25 Kasım kadına yönelik şiddetle mücadele bakımından özgün ve tarihsel birikimimizi temel bir gündem olarak ele aldığımız güncel bir mücadele konusudur. Elbette ki kadına karşı işlenen suçların her gün yeniden üretildiği kapitalist sistemde tek bir güne odaklanarak örgütlenecek bir mücadelenin özgürleştirici olmayacağı açıktır. Veya eşitlik mücadelesinin buna indirgeneceği gibi bir anlam çıkartmak yanlış hatta bizim özgürleşme çizgimizle uyumlu olamaz.
Kadın devrimi sermaye egemenliğine karşı mücadeleyle, erkek egemenliğine karşı mücadeleyi birleştirir. Bu nedenle her gün değişik biçimlerde tezahür eden erkek egemenliğine karşı mücadele salt kadınların veya kadın örgütlerinin görevi olarak tanımlanamaz. Karma örgütlerin, tek tek sosyalist erkeklerin öznel olarak kadına karşı uygulanan tüm saldırılara karşı tutum alması pratik bir sorundur da. 25 Kasım Kadına Yönelik Şiddetle Mücadele Günü nedeniyle sosyalist kadınlar örgütlü bulunduğumuz tüm ülke ve kentlerde planlamalar gerçekleştirdiler. Temel sorunun bu karar ve planlamaların hayata geçirilmesi olması nedeniyle, ciddiyeti elden geldiğince sağlamak önemli bir yerde duruyor. Toplam planlamaların bir parçası olduğumuzu unutmadan seyircilikle malul pratiğin değiştirilmesinin önünü açmalıyız.

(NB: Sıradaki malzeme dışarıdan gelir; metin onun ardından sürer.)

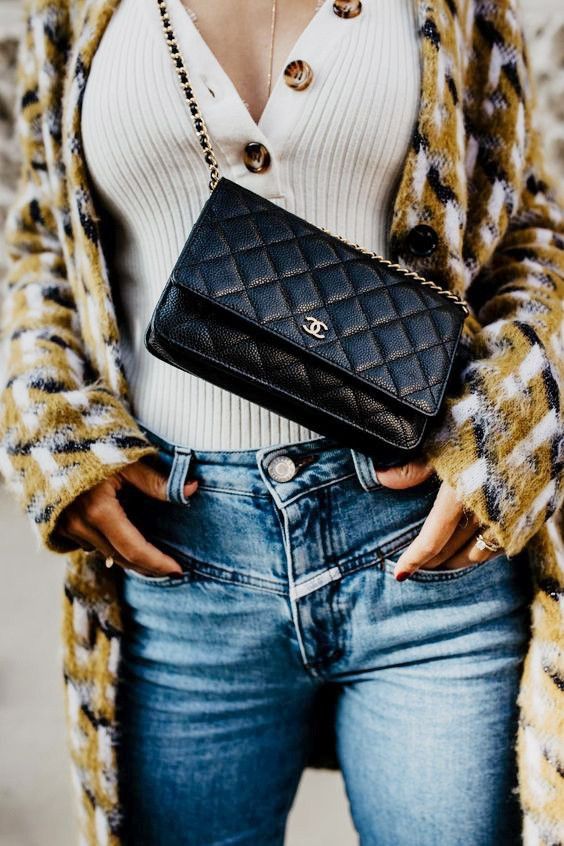 Chanel Wallet On Chain (2.500 USD): Túi có nắp gập kèm dây xích cổ điển. Phần da được thiết kế dập ô mang tính biểu tượng của nhà mốt xa xỉ hàng đầu nước Pháp. Bạn có thể sử dụng túi theo nhiều kiểu như cầm tay, đeo vai hoặc đeo chéo. Dáng túi hình chữ nhật cho phép bạn đựng điện thoại iPhone 12, thỏi son, hộp phần, một ít tiền mặt và giấy tờ. Ảnh: Yourockmylife, Bikinis & Passports.

AVEG-KON da kadın özgürlükçü çizgiye sahip bir kurumlaşma olarak bu konuda bağlı federasyon ve derneklerin görevleri ekseninde, gerek geçtiğimiz günlerde toplanan Temsilciler Kurulu’nda gerekse de Konsey toplantısında gündemleştirdi. Erkek eğitim atölyelerinden bildiri dağıtımlarına, film gösterimlerinden kadın yayınlarının dağıtımına, kadın kafelerinin örgütlenmesinden tek tek kadınların 25 Kasım eylemlerine katılımından sorumluluk üstlenilmesine, kurumlarda 25 Kasım günü çocuk kreşi açılmasına kadar bir çeşitlilikte görevler somutlandı. Şimdi temel sorun alınan kararların planlanması ve ciddiyetle pratikleştirilmesi olarak yansıyor. Madem ki, kadın özgürlük mücadelesi asli görevlerimiz arasında yer alıyor, o halde sosyalist saflarda cins bilincinin süreklileşmiş baskısını her günkü mücadelenin bir parçası haline getirmeliyiz.

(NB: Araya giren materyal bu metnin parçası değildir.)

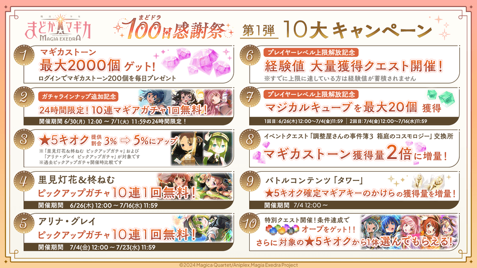 「魔法少女まどか☆マギカ Magia Exedra」はまもなくリリース100日を迎えます。リリース100日を記念して、6月26日(木)12時より、100日感謝祭 第1弾 10大キャンペーンを開催いたします。
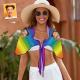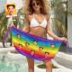 Benutzerdefiniertes Gesicht Strand Wickeln Frauen kurzer Sarongs Bikini abdecken – Regenbogen
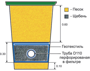 - Затем в траншею насыпают гравий или щебень, и вновь идет геотекстиль.

Bu görevlerin bir yanı da sosyalist erkeklerin erkek egemen pratikleri ile yüzleşmek, mahkum etmek, kadın devrimi programını kavrama-kavratma sorumluluğunu üstlenmek, kadına yönelik şiddet suçunun toplumsal erkeklikle ilişkisine dair politik görevler çıkarmaktır. Bir diğer yanı da kadın kitle çalışmasını kesimsel bir çalışma alanı olarak gören anlayışları yıkarak toplumsal devrimi örgütleme işine girişmektir. Yani kadın kitlelerini örgütleme sorumluluğunun aynı zamanda toplumsal devrimi örgütleme görevi görerek hareket etmektir. Temas edilen her kadını 25 Kasım etkinliklerine çağırmak, kurumlarımızın 25 Kasım gündemli planlama yapması için sürükleyici olmak sosyalist erkeklerin bugüne dair gündemi olmalıdır.
Bu temeldeki yaklaşımımız; kadınları politik mücadelenin aktif unsuru ve kolektiflerimizin yarısı haline getirmeyi hedeflemektir. Kurumlarımızın örgütlenme sürecine kadın aklıyla müdahale etmedir. Kadına karşı işlenen suçlara ortak olmamak, pratik olarak tavır almak ve kadınları mücadeleye sevk etmenin araçlarını işlevlendirmektir. Kadınların toplumsal cinsiyet ayrımı ve çelişkisini yok etmek üzere sermaye egemenliği ile kaynaşmış erkek egemen yapıya, kadının köleleştirilmesine ve cinsiyetçiliğine dayanan sermaye egemenliği düzenine karşı hücuma geçen devrimci bir eleştiridir.